Quick evaluation the Earth’s health

The Fall has come! That beautiful period of the year when nature starts to slowly retreat is finally among us. Summer holidays are gone, and humans, as well as animals, are preparing for the long nights of winter.

Beginning of the ice cap in southern Iceland: picture by Gianluca Di Marco

In this period of the year, it is always good to check out satellite images of the Arctic to evaluate the Earth’s health. The ice cover of our Planet is very important during a period of increasing greenhouse gases and climate change, but to understand this we need to take a step back and think about a different concept: the albedo.

The albedo of an element is the capacity of a certain object to reflect sunlight. It can be expressed through numerical figures and, to keep things simple, we will assume that the colour white has an albedo of 1 (meaning is the frequency of radiation that reflects the most of sunlight) while the colour black has an albedo of 10. We can already notice something here: when you complain about your black car being heated because “attracts the sunlight” you are wrong: the colour of your car or clothes does not attract the sunlight but it is simply unable to reflect it back, and so the car gets hot.

But what has this to do with the planet?

If you make a couple of mental notes, climate change is simple to grasp. We need a high volume of surfaces with high values of albedo, in order to reflect more sunlight back into the outer space. And what is the white thing we have on the surface of our planet? Ice and snow. If we reduce the amount of ice and snow (by releasing more greenhouse gases into our atmosphere that will increase the Earth’s temperature, resulting in the melting of the ice caps) we will keep fueling the positive feedback loop of more GHG, higher temperature, less ice, less sunlight reflected back, and so on.

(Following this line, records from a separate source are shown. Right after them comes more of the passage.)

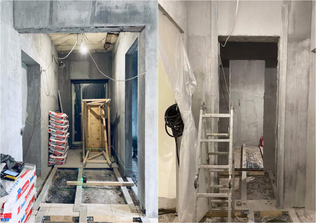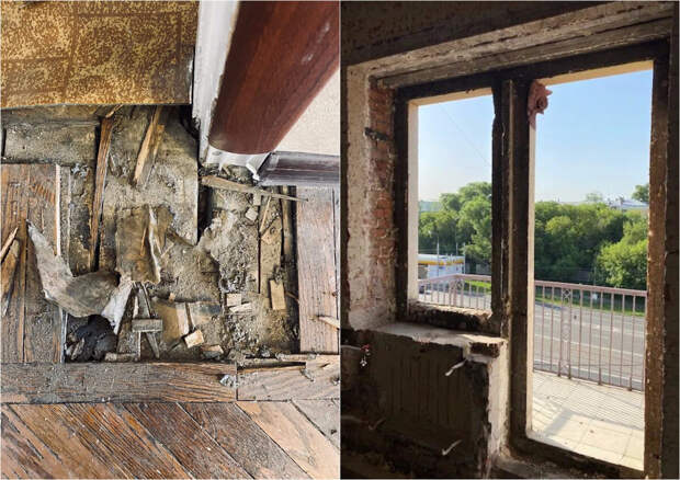 Над спальней тоже хорошенько поработали. Посмотрите, в каком состоянии был пол (на фото слева)
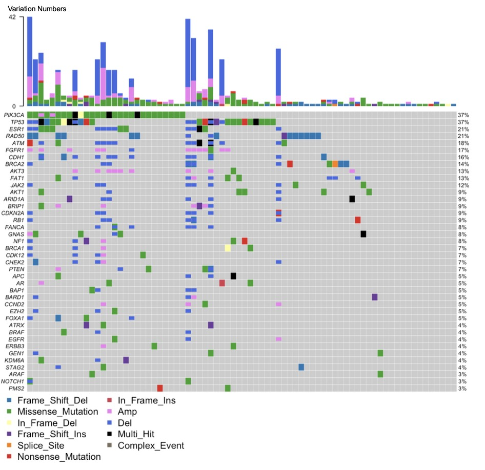 在本研究中,在血浆样本中检测出370个体细胞突变和85个CNV。最常见的改变基因包括TP53(37%)、PIK3CA(37%)、ESR1(21%)、RAD50(21%)、ATM(18%)、FGFR1(17%)、CDH1(16%)和BRCA2(14%)。
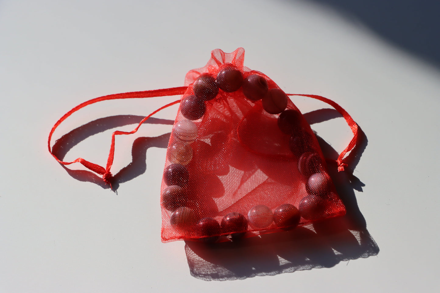 Elegantní červený průhledný dárkový pytlík – Výrazné a luxusní balení pro minerály, šperky nebo jiné drobné poklady. Průsvitná tkanina syté červené barvy působí sofistikovaně, zatímco stahovací šňůrka zajistí bezpečné uzavření. Perfektní volba pro dárkové balení s nádechem vášnivé elegance. ❤️✨
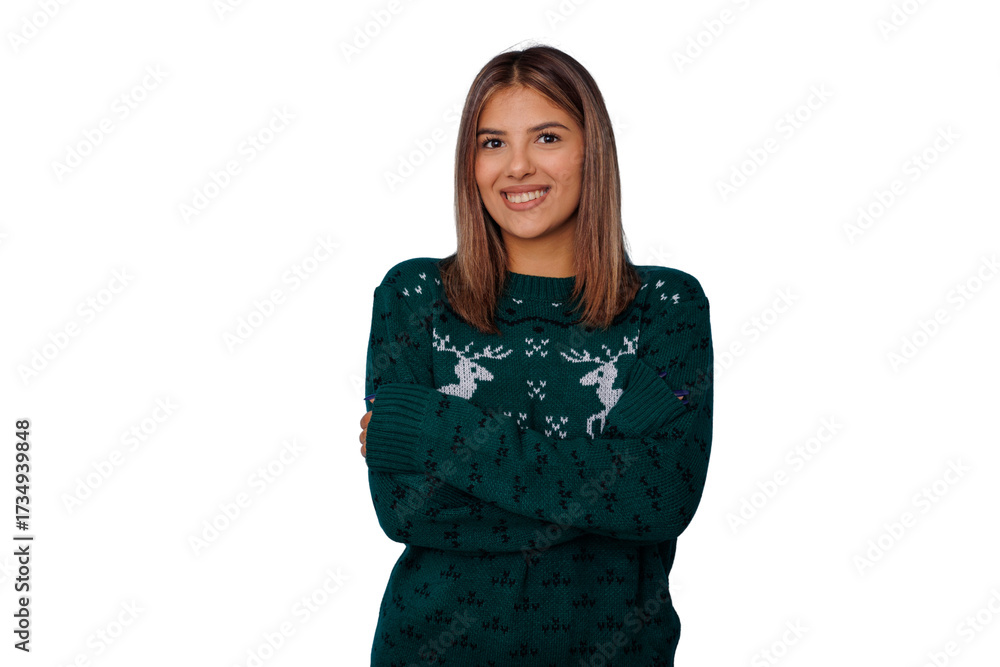 Young woman wearing festive green christmas reindeer sweater, smiling at camera, embracing holiday spirit on transparent background

Obviously, ice is more abundant in Northern Latitudes. The beginning of Autumn declares also the end of the polar summer, the hottest period of the year at the poles, during which the ice naturally melts, despite of climate change. However, it is important to check the ice cover and compare it to previous years: this will give us an estimate of the melting of the ice rate, an important data we can use to evaluate the state of climate change (it can also be used to show proofs to your dumb friends who denies it at all).

Following are ice cover in the Arctic for the following year: 2020, 2019, 2018, 2000 (all the pictures shows the same day, 15th September) (Source: Nasa Earth Observation)


I can barely notice any difference when sliding the images. Does that mean that the Planet is not warming, or that the ice caps are not melting? Absolutely not.

That is a sign that the process is happening at a slower rate of what we might believe, but careful: I do not intend to pass the message that climate change is happening at a slower rate than we think. Simply, as we can see from this satellite images from NASA, the ice caps are melting at a slower rate than we think.

However, to quantify the gravity of the situation for those of you who are now feeling more comfortable with the climate crisis, we should compare the ice caps at the end of the Arctic summer with images from pre-industrial period to have a visual glance of how we are impacting the planet.

The purpose of this annual exercise is to embrace you with knowledge: just so you know, the next time you see a breaking news of an ice cap melting in the North Pole in July, you could simply notify the source that it is absolutely normal, and that it has been happening at a more or less steady rate for the past 20 years or so.